• [What is needed] Below are entries; output exactly the lines from the one with "Le kit comprend" to the one with "面对真金白银的流出,部分生态已开始明牌喊话,希望能够吸纳这些流动资金。Manta Network 联合创始人", both included, and nothing else.

• [Dataset records]

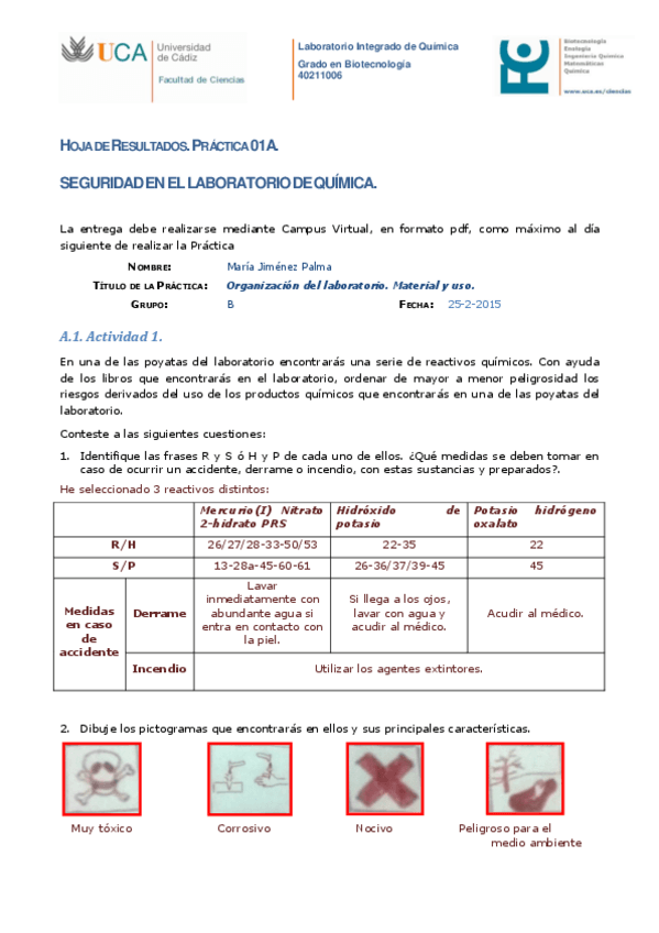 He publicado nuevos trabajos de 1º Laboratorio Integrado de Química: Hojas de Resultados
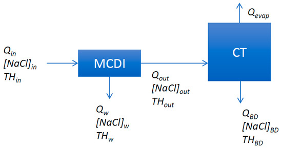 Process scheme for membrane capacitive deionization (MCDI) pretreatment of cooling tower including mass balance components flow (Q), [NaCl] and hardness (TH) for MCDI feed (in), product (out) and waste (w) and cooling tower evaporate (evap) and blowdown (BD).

---

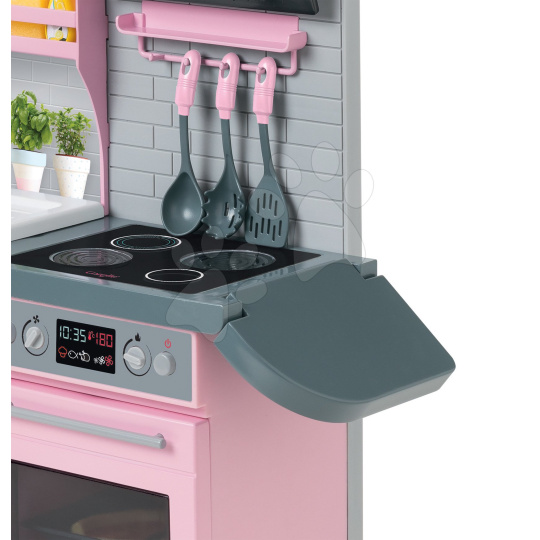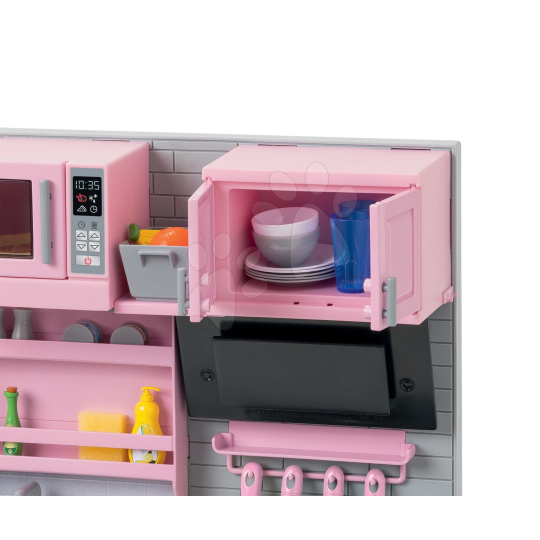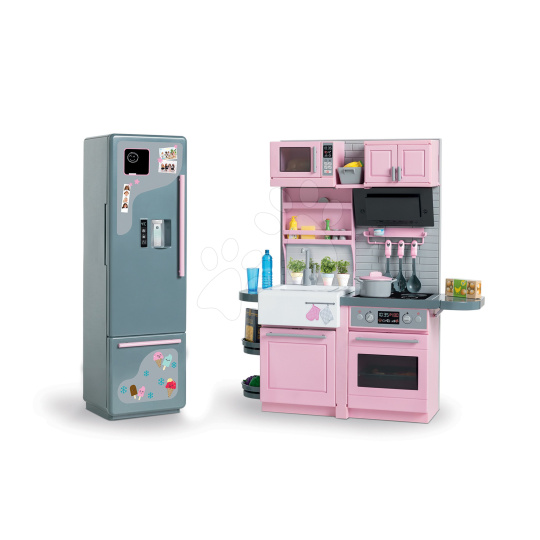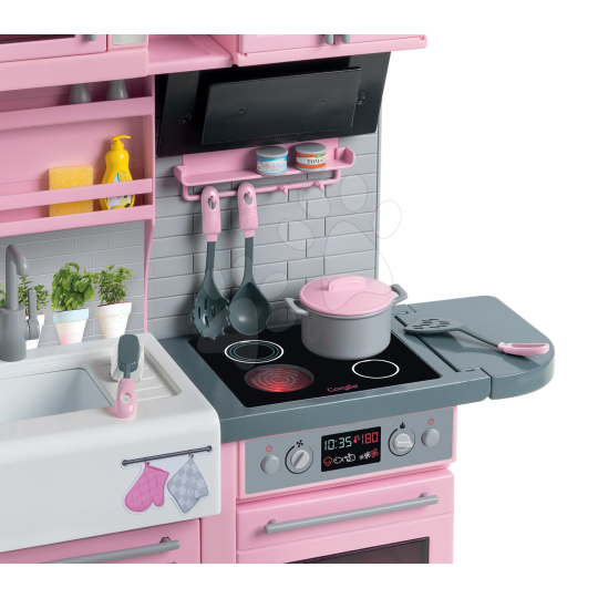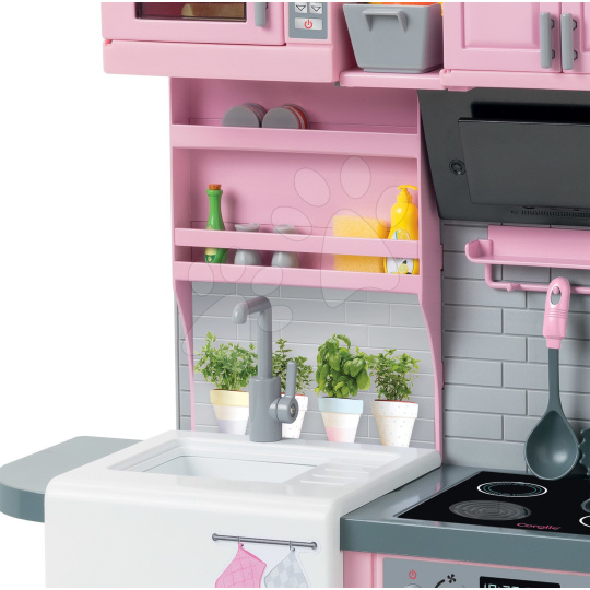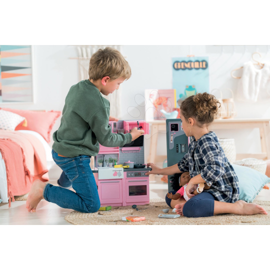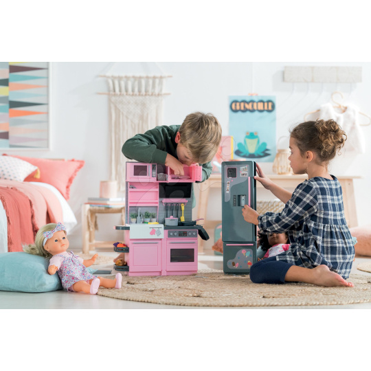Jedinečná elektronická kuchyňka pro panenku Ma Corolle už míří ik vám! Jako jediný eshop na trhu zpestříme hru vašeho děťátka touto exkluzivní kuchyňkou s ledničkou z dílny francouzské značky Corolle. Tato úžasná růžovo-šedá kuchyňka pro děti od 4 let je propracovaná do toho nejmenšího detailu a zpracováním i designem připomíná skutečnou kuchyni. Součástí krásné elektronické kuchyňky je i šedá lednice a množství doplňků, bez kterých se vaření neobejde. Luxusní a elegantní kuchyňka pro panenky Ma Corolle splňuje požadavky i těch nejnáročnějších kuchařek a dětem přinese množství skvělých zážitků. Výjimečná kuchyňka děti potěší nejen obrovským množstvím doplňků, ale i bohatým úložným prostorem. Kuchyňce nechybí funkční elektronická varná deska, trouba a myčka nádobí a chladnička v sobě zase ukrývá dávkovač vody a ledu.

==

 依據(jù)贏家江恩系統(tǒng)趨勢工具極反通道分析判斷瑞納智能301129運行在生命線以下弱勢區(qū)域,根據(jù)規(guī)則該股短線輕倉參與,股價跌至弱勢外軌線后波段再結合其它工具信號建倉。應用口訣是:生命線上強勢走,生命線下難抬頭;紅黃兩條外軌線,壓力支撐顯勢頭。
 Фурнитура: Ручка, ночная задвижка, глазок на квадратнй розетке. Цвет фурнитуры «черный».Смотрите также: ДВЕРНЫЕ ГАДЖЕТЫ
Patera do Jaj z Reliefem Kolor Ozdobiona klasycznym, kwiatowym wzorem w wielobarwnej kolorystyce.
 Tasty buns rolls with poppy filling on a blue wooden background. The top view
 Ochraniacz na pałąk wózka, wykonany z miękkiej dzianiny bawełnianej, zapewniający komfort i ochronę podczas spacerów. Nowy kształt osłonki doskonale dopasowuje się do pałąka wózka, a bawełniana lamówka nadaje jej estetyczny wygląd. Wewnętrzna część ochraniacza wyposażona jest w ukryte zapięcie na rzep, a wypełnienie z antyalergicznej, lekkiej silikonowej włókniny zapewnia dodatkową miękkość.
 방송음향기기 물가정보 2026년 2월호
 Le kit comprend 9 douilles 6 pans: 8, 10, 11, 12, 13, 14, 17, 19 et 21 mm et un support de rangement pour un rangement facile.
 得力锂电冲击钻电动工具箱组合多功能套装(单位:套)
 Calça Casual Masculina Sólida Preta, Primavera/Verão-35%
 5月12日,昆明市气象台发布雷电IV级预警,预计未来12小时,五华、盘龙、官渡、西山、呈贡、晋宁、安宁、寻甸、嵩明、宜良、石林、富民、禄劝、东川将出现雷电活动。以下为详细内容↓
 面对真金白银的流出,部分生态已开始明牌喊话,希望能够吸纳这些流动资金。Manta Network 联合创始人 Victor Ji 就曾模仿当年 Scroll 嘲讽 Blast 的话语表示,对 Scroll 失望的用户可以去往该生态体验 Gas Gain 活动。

• [Task output]
 Le kit comprend 9 douilles 6 pans: 8, 10, 11, 12, 13, 14, 17, 19 et 21 mm et un support de rangement pour un rangement facile.
 得力锂电冲击钻电动工具箱组合多功能套装(单位:套)
 Calça Casual Masculina Sólida Preta, Primavera/Verão-35%
 5月12日,昆明市气象台发布雷电IV级预警,预计未来12小时,五华、盘龙、官渡、西山、呈贡、晋宁、安宁、寻甸、嵩明、宜良、石林、富民、禄劝、东川将出现雷电活动。以下为详细内容↓
 面对真金白银的流出,部分生态已开始明牌喊话,希望能够吸纳这些流动资金。Manta Network 联合创始人 Victor Ji 就曾模仿当年 Scroll 嘲讽 Blast 的话语表示,对 Scroll 失望的用户可以去往该生态体验 Gas Gain 活动。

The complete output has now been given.